The worst? Easy. Because of the policies regarding lyrics I’ll spoiler these. And also because direct viewing without necessary protection can cause eyeball melting
Who put the bomp in the bomp-a-bomp-a-bomp
Who put the ram in the ram-a-lam-a-ding-dong
Who put the bop in the bop-she-bop-she-bop
Who put the dip in the dip-de-dip-de-dip
Who was that man, I’d like to shake his hand
He made my baby fall in love with me (yeah!)
Although [spoiler]In the year 2525
If man is still alive
If woman can survive
They may find
In the year 3535
Ain’t gonna need to tell the truth, tell no lies
Everything you think, do, or say
Is in the pill you took today[/spoiler]
Now little lisa is only 9 years old
Shes tryin to figure out why the world is so cold
Why shes all all alone and they never met her family
Mamas always gone and she never met her daddy
Part of her is missin and nobody will listenin
Mama is on drugs gettin high up in the kitchen
Bringin home men at different hours of the night
Startin with laughs–usually endin in a fight
Sneak into her room while her mamas knocked out
Tryin to have his way and little lisa says ‘ouch’
She tries to resist but then all he does is beat her
Tries to tell her mom but her mama don’t believe her
We gotta start from the start, only time will tell if we stand the test of time. Cause there ain’t no one for to give you no pain. You know they are a liar.
If only because Napoleon didn’t surrender at Waterloo. Lost the battle, yes, but retreated in relatively good order and didn’t abdicate for another 4 days, and then in Paris.
Once upon a time I was falling in love
But now I’m only falling apart
Once upon a time there was light in my life
But now there’s only love in the dark
We’ll be holding on forever
And we’ll only be making it right
Cause we’ll never be wrong together
We can take it to the end of the line
Honestly - this post should just say “Total Eclipse of the Heart - the whole thing”.
But it’s pretty hard to top “Boom boom boom boom/I want you in my room/Lets spend the night together/from now until forever”
I also have to give a shout-out to “worst lyrics in an otherwise good song”:
“Beat boys, fly girls, throw your hands in the air/Oh yeah like you just don’t care”
I’m sory but I have NEVER seen anyone throw their hands in the air “like they just don’t care” and I bet you never did either.

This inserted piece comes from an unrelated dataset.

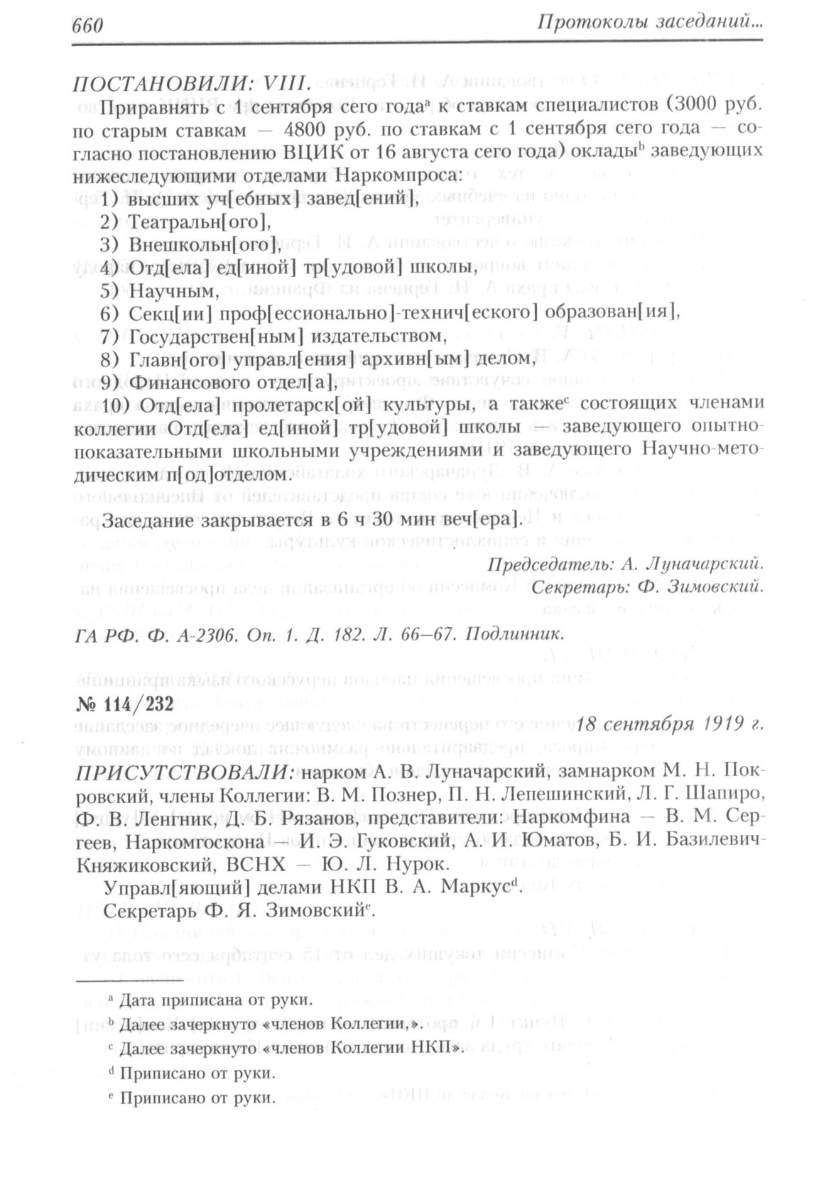 Протокол заседания Коллегии Народного комиссариата по просвещению РСФСР № 114/232. 18 сентября 1919 г.
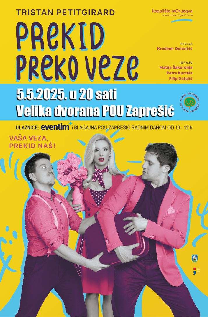 Za ovu urnebesnu komediju redovito se traži karta više što dokazuje da Prekid preko veze nije samo prolazan hit, već predstava koja svojom svježinom i humorom uveseljava publiku svih generacija. Ne propustite ovu priliku za smijeh, zabavu i jedinstvenu kazališnu večer.

Stick their hands in their pockets and lean against the wall “like they just don’t care” - sure. Throwing their hands in the air is the bailliwick of people who DO care … about something, anyway.
I’ve yet to see anything that tops Des’ree’s Life in sheer lyrical badness:
*
I’m afraid of the dark
Especially when I’m in a park
[…]
I don’t want to see a ghost,
It’s the sight that I fear most
I’d rather have a piece of toast
And watch the evening news.
*
Really, the best line in that song is ‘doo doot doot doo’.
Why can’t people see the evil that is “Rock-a-bye Baby”?
Rock-a-bye baby, in the treetop
When the wind blows, the cradle will rock
When the bough breaks, the cradle will fall
And down will come baby, cradle and all
I am, I said,
To noone there,
And nobody heard me,
Not even the chair
Someone left the cake out in the rain,
And I don’t think I can TAKE it,
'Cause it took so long to MAKE it,
And I’ll never have that recipe again!
We’re this far into the thread without mentioning Rod Stewart?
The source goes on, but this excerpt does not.